Priska C. Juschka Fine Art
547 West 27th Street, 2nd Floor, 212-244-4320
Chelsea
September 23 - October 23, 2010
Reception: Thursday, September 23, 6 - 9 PM
Web Site
Priska C. Juschka Fine Art is pleased to present The Hidden and the Revered, Hungarian artist Attila Szucs’ first solo show in the United States, with an exhibition of carefully painted canvases alluding to the assumed reality of the generally depicted by revealing its representation as a mere diversion for our cognitive system and collective intelligence.
Technically and conceptually, in Szucs’ paintings, information filters through a smoke screen of delicately painted layers covering individuals, animals and objects with a soft blanket of white light, forcing the audience to adjust sensorially to the details of the narrative.
Szucs leads the viewer through an initially mundane, subsequently odd and alien territory into the depths of the collective unconscious, guiding the senses gently deeper into a world concealed from the human eye.
Using singled out sources from news and mass media, Szucs stages compositions void of overt explanations, causing a sense of memory loss, angst and alienation rather than the satisfaction of a shared collective memory of imagery.
By magnifying the presence of individual subjects and objects isolated from their historical or pictorial context and insulated by the absence of ad hoc references, Szucs charges through an uncharted visual repertoire, conscientiously laying the grounds for new framework formations.
Ultimately, Szucs’ omissions on the canvas leave space for speculation and imagination, providing the viewer with a platform to reconstruct the reality of the depicted and the discourse of the hidden and the revered.

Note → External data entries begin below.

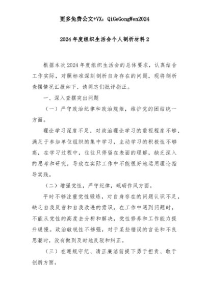 【七哥公文】2025年:2024年度组织生活会个人剖析材料2+更多免费公文+VX:QiGeGongWen2024+更多免费公文+VX:QiGeGongWen2024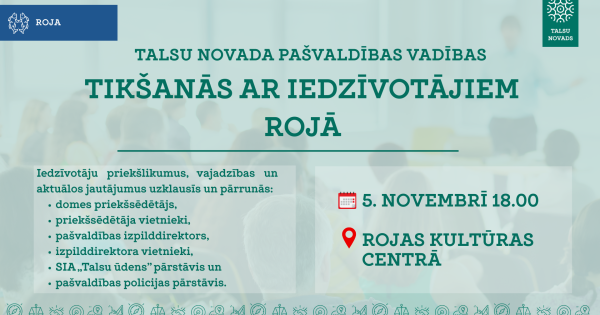 Iedzīvotāji aicināti uz tikšanos ar Talsu novada pašvaldības domes vadību 5. novembrī plkst. 18.00 Rojas kultūras centrā.
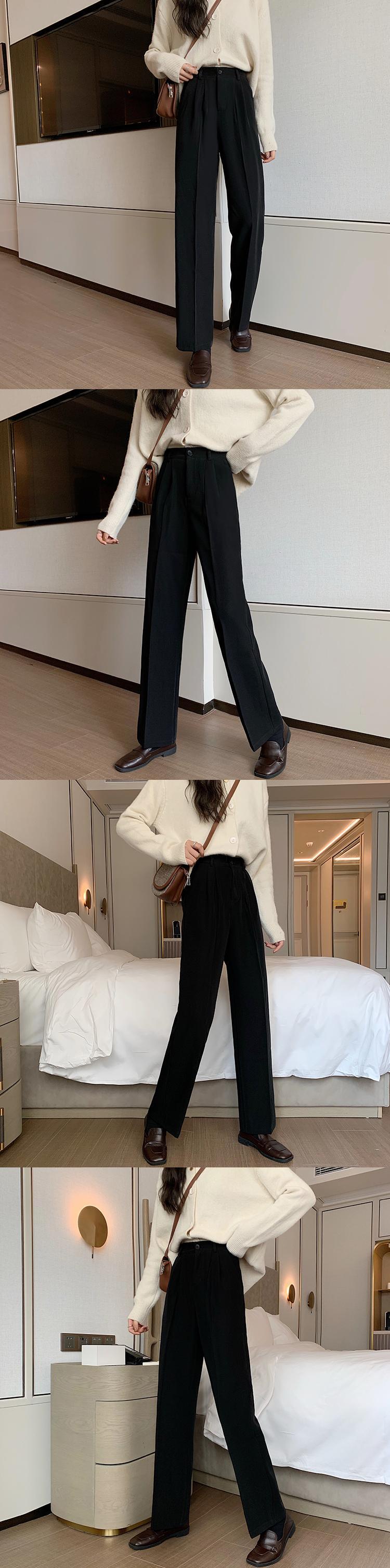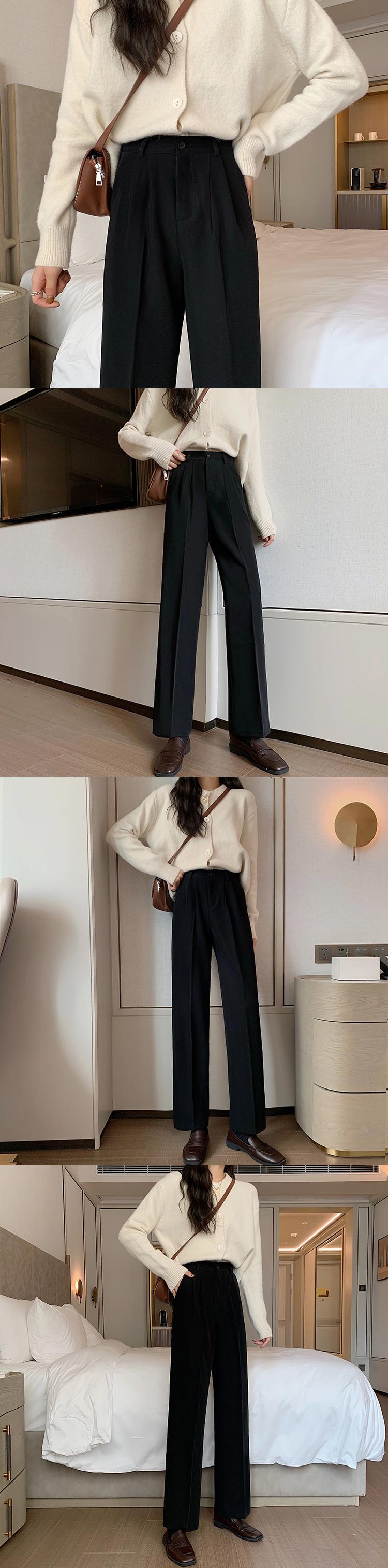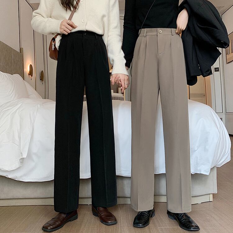 2020年新バージョンの秋のスーツパンツレディーススモールトールウエストルーズスリムワイドレッグドレープストレートパンツ クレセントシティ9855001812
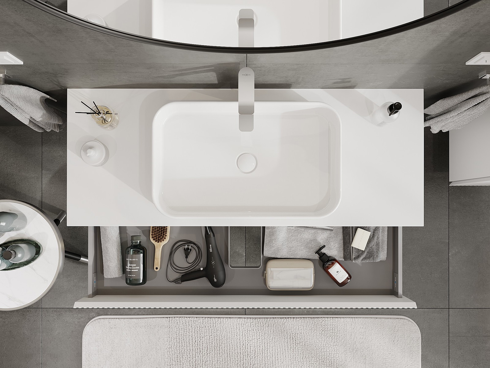 Izgriezums atvilktnē ir veidots tā, lai tajā varētu ietilpt sifons, kas ir nepieciešams izlietņu uzstādīšanā. Pateicoties tam, mēbele var tikt pilnībā funkcionāli uzstādīta, neatstājot ievērojamu vietu atvilktnē instalācijai.

Attila Szucs was born in Miskolc, Hungary and currently lives and works in Budapest where he is a professor at the Hungarian Academy of Fine Arts and one of the leading painters of his generation. He has shown in numerous solo and group exhibitions in the United States and Europe, including exhibitions at the KW Institute for Contemporary Art, Berlin; Ludwig Museum, Budapest; Künstlerhaus Bethanien, Berlin; and Tylers Museum, Haarlem, The Netherlands. His works are also held in permanent collections such as Neue Galerie am Landesmuseum Joanneum, Graz, Austria; Hungarian National Gallery, Budapest; Ludwig Museum, Budapest; and Frissiras Museum, Athens, Greece. He is currently included in the group exhibition After the Fall from September 19, 2010 – July 2011, at the Hudson Valley Center for Contemporary Art in Peekskill, NY.